Ale - jak przypomina dr Oczko - pomysł ten nie jest wyjątkowy. Podobny system przyjęli projektanci Nowej Huty. Pierwsze osiedla, które tam powstały, także zostały nazwane literami alfabetu.

Tyskie osiedla mają żeńskie imiona

Kolejna ciekawostka: do osiedlowych liter przypisane są żeńskie imiona. A więc osiedle A to Anna, osiedle S to Stella, osiedle H to Honorata i tak dalej, i tak dalej.... Skąd wziął się ten pomysł?

Na początku lat 70. za pośrednictwem czasopisma „Echo” ogłoszono konkurs na nazwy osiedli. Wśród wielu różnorodnych propozycji pojawiły się imiona żeńskie. W tym samym czasopiśmie, w 1980 roku, podano kolejne literki alfabetu i przypisane do nich imiona. Ale warto zaznaczyć, że tak naprawdę te nazwy nigdy nie zostały usankcjonowane prawnie. Istnieją raczej w języku potocznym i nie wszystkie się dobrze przyjęły. Najczęściej można było usłyszeć o Karolinie czy Magdalenie - mówi dr Patryk Oczko.
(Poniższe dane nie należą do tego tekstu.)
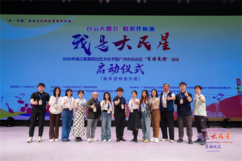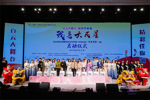 3月31日晚,“云・飞扬”白云文化欢乐季系列活动之 “白云大舞台 精彩任你演”——“我是大民星” 2026 羊城之夏基层社区文化节暨广州市白云区 “百团竞演” 活动(下文称“百团竞演”活动)启动仪式在广州设计之都设计殿堂热烈举行。现场灯光璀璨、人气爆棚,歌声与掌声交织,情怀与活力碰撞,2026年白云区“百团竞演”活动正式拉开帷幕。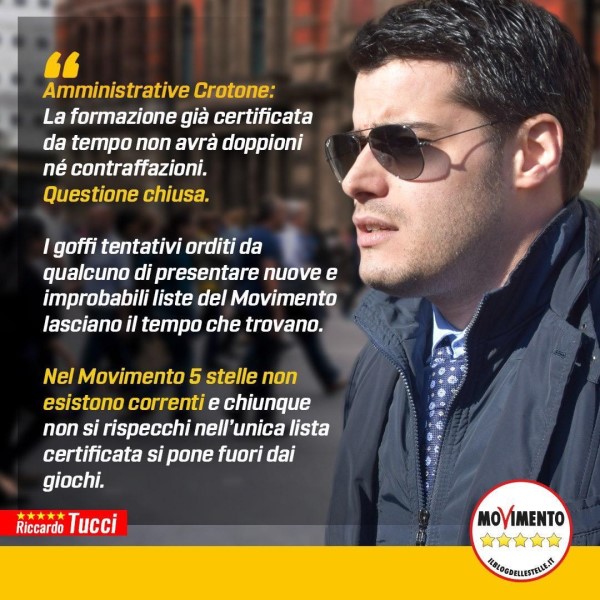 «C’è un’unica lista del MoVimento 5 Stelle in campo per le amministrative di #Crotone e fa capo al candidato sindaco Andrea Correggia. La formazione già certificata da tempo non avrà doppioni né contraffazioni. Questione chiusa.
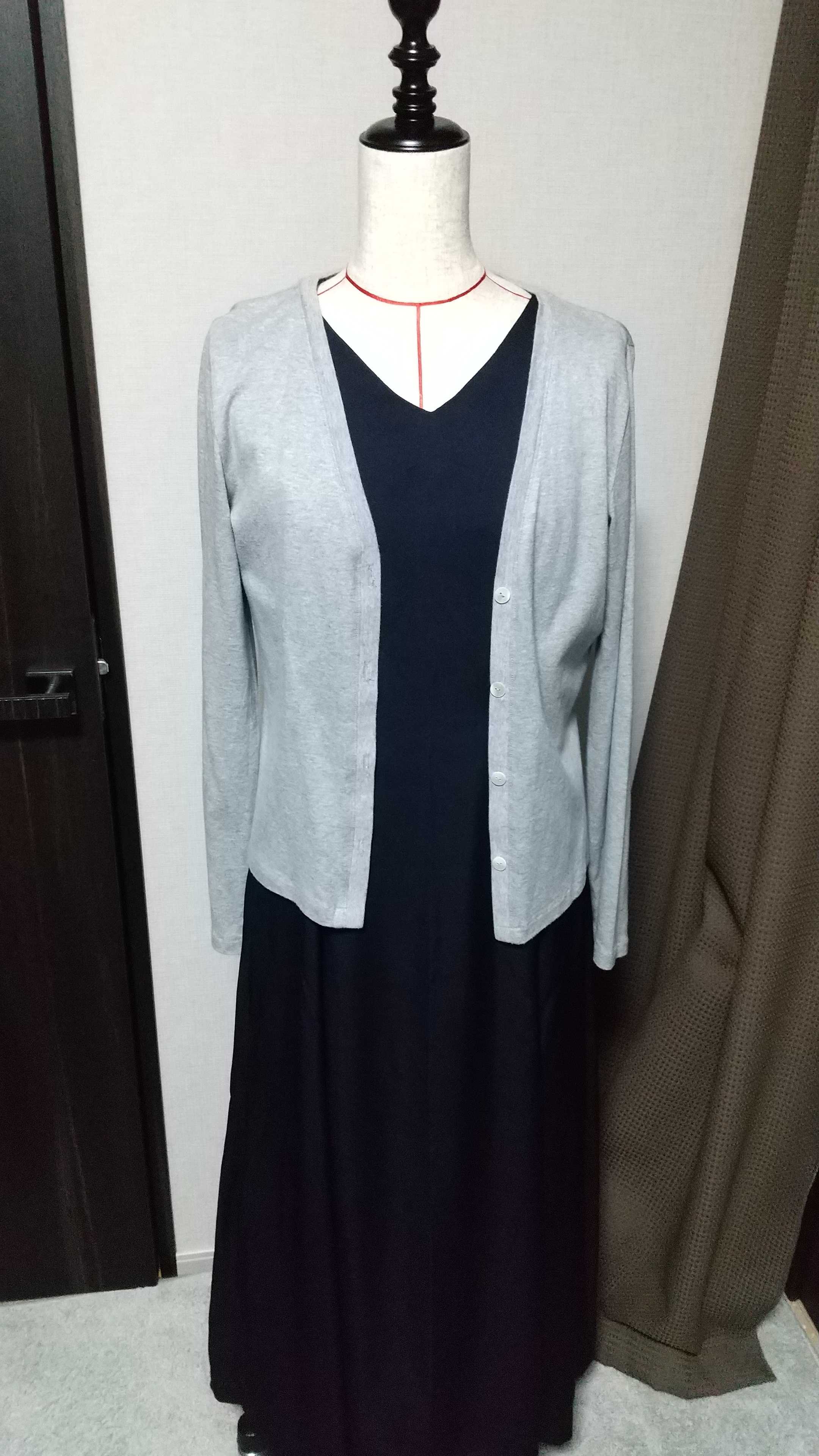 できたばかりのロングワンピースにカーディガンを合わせてみました。少しカジュアルになって、外にも着ていけるのではないでしょうか。私は、産まれるときに母のお腹の中におしゃれというものを置いてきたような人間なので、このくらい平凡で地味な洋服が着ていて落ち着きます。このグレーのカーディガンは、裁縫を始めて10ヵ月目くらいに作ったものです。型紙(ニットカーディガン)は、rick-rackというお店の通販で購入しました(楽天市場内にはないみたいです)。型紙は切り取ればすぐ使えるタイプです。この頃はミシンの操作だけで精一杯で、型紙を作る余裕がなかったので、ものすごく助かりました。付属の説明書も丁寧でわかりやすいです。裁縫を始める前は、Vネックのスタンダードな形のカーディガンって意外と探しづらかったので、自分で作れるとわかり、もう買わなくてもよくなりました。Mサイズなのですが、🔷ボタンを締めるときつい🔷袖の幅が細めなので、袖のあるインナーだと腕もきつい🔷丈はスカートには良いのですが、パンツだと短い、ということで、サイズを間違ってしまい、ほとんど着ていなかったのですが、ノースリーブワンピースであれば、今後着られそうです。材料は、🔷生地: 日暮里のトマトで1m500円ほど。綿100%ニット。1~1.5m使用🔷ボタン: 日暮里の熊谷商事で1個数十円。白蝶貝。4個使用🔷糸、接着芯合計で1000円かからなかったと思います。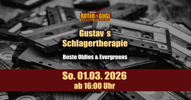 Gustav´s Schlagertherapie Details Date: März 1 Time: 04:00 p.m. Website: Event Website Venue Leitersdorf 103, 8271 Waltersdorf, Austria Beste Oldies & Evergreens Ein Nachmittag voller Erinnerungen! Mit DJ Gustav Ersölba! Freier Eintritt!
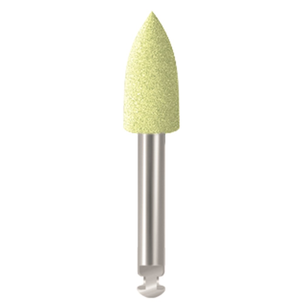 Two-step diamond polishing system for composites. The first step uses Medium polishers for finishing and contouring. The second and final step uses Diamond coated polishers for a high-luster finish. Metal shank (RA). Refill Box of 12.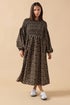 PixieGirl Petite Brown Animal Shirred Puff Sleeve Maxi Dress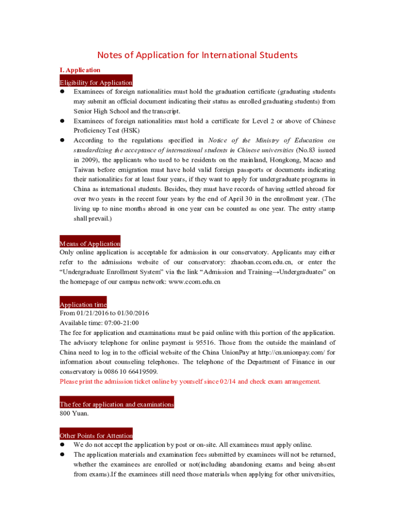 This document outlines the application process, eligibility, and examination requirements for international students wishing to enroll in the Central Conservatory of Music in China.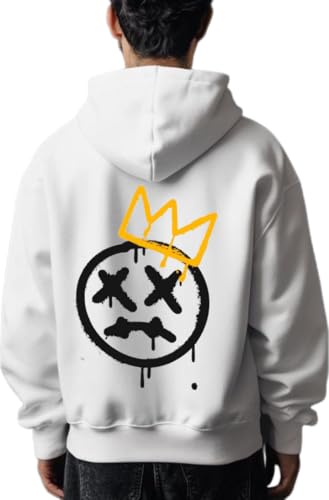 Generic - Graffiti Smiley Face Crown كنزة ذات قبعة ظهر أبيض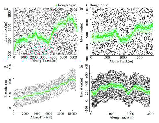 Spaceborne LiDAR has been widely used in global forest canopy height estimation [,,] due to its rapid and cost-effective detection of surface typography and vertical forest structure [,,,]. The accuracy of global forest height data evaluated by the Geoscience Laser Altimeter System (GLAS) onboard the Ice, Cloud, and Land Elevation Satellite (ICESat) has been proven over the past few decades []. However, limitations such as a large footprint size (70 m) and low sampling density (along-track spacing of 170 m) restrict its application in complex terrains []. To address these issues, the ICESat-2, equipped with the advanced topographic laser altimeter system (ATLAS) [], was launched and put into operation in September 2018. In contrast to the full waveform LiDAR system from the GLAS, ATLAS is a photon-counting LiDAR that utilizes high-frequency pulses [] with an emission energy of 160/40 μj at 10 kHz and 0.7 m along-track resolution for precise surface measurements [,], providing a high sampling rate, a small footprint size (10 m), and a nearly continuous along-track strip of point cloud data []. However, the original data from ATLAS, particularly the daytime data, are heavily contaminated by background noise arising from solar radiation and dark current returns [] and feature a random and wide distribution. In vegetation coverage areas, the abundant noise distributed adjacent to the canopy and the ground surface poses significant challenges for identifying the canopy and ground signals in photon-counting LiDAR data. In this sense, signal photon discrimination from the original data is necessary to address these challenges.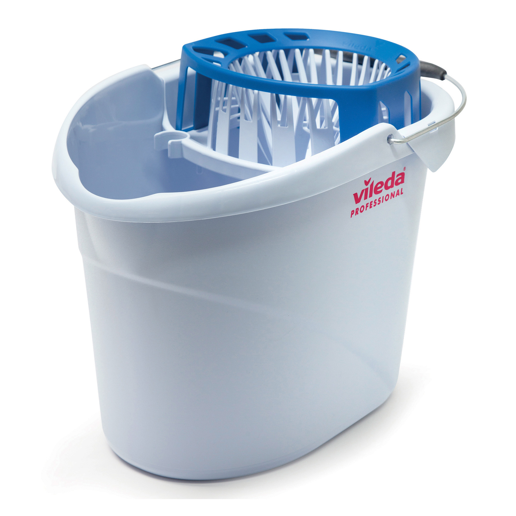 Secchio dal nuovo design molto stabile e capiente (fino a 10 lt), con incavo per agevolare lo svuotamento dell'acqua. Strizzatore rinforzato ed efficace con sistema per il convoglio del fiocco. Manico robusto da 138 cm con protezione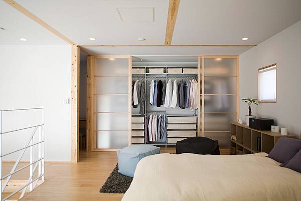 傳統的水泥隔間容易使視覺無法延伸、空間看起來變的狹隘許多,因此在小坪數的空間設計上,盡量去除隔間能創造通透感。無印在隔間的處理上也是如此,不做太多封閉的隔間,運用高櫃隔開更衣間與臥室兩個範圍,想改變時不用再花大筆錢改變隔間,留下了更多空間,也多了許多彈性!

Co więcej, tyski system literowy utrzymano również na osiedlowych ulicach. Przykładowo: na osiedlu B są ulice Bocheńskiego, Biblioteczna i Batorego, a na osiedlu U znajdziemy ulice Ustronną, Ujejskiego i Uczniowską. Wyjątków od zasady jest mało.
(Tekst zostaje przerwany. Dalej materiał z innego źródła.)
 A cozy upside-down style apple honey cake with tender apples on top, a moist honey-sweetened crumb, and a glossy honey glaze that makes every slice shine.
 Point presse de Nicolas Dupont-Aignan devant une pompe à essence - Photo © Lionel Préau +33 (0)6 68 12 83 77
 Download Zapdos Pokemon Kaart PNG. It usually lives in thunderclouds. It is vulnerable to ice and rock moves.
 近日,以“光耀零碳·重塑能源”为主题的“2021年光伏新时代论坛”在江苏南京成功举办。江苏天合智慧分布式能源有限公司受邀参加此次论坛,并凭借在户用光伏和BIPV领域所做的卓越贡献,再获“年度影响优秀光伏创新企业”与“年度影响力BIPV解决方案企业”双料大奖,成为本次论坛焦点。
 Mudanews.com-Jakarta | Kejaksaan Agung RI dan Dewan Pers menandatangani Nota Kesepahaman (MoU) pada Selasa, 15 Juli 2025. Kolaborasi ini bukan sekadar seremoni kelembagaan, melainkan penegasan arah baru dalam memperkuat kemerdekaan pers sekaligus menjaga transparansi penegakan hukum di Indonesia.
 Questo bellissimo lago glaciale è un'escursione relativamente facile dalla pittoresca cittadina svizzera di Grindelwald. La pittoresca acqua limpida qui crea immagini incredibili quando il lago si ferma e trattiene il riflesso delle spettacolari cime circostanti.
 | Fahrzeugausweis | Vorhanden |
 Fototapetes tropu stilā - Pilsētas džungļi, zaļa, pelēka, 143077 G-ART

Do dzisiaj ta zasada została w dużej mierze utrzymana, mimo przemian politycznych i związanych z nimi zmian w nazewnictwie ulic. Czasami te nowe nazwy są dalekie od pierwotnych, ale pierwsza litera prawie zawsze się zgadza - podkreśla dr Patryk Oczko z Muzeum Miejskiego w Tychach.

W Tychach nie ma centrum miasta 

Przyjezdnych może dziwić, że w Tychach - w przeciwieństwie do wielu śląskich i zagłębiowskich miast - nie ma rynku. Ba, nie ma żadnej centralnej przestrzeni okołomiejskiej. Całość miasta ma jednak charakter bardzo uporządkowany.

Główni projektanci Kazimierz Wejchert i Hanna Adamczewska-Wejchert wytyczyli dwie główne osie nowego miasta. Oś wschód-zachód stanowi linia kolejowa, natomiast w kierunku północ-południe wyznaczono tzw. oś zieloną. Biegnie ona od Parku Północnego, poprzez Park Miejski do terenów leśnych przylegających do Jeziora Paprocańskiego. Tam, gdzie osie się przecinały, miał powstać główny dworzec kolejowy, a obok rozległe centrum handlowo-usługowe. Jednak finalnie udało się zrealizować tylko pierwszą fazę inwestycji i do dziś pozostały tam puste przestrzenie. Obecnie władze miasta planują budowę nowego centrum miasta w miejscu, które wyznaczyli Wejchertowie. Ale powstanie ono według nowej koncepcji urbanistycznej z uwzględnieniem tak istotnych elementów, jak na przykład wspomniana wcześniej oś zielona. Nowe centrum podążać musi za współczesnymi potrzebami mieszkańców - mówi dr Patryk Oczko.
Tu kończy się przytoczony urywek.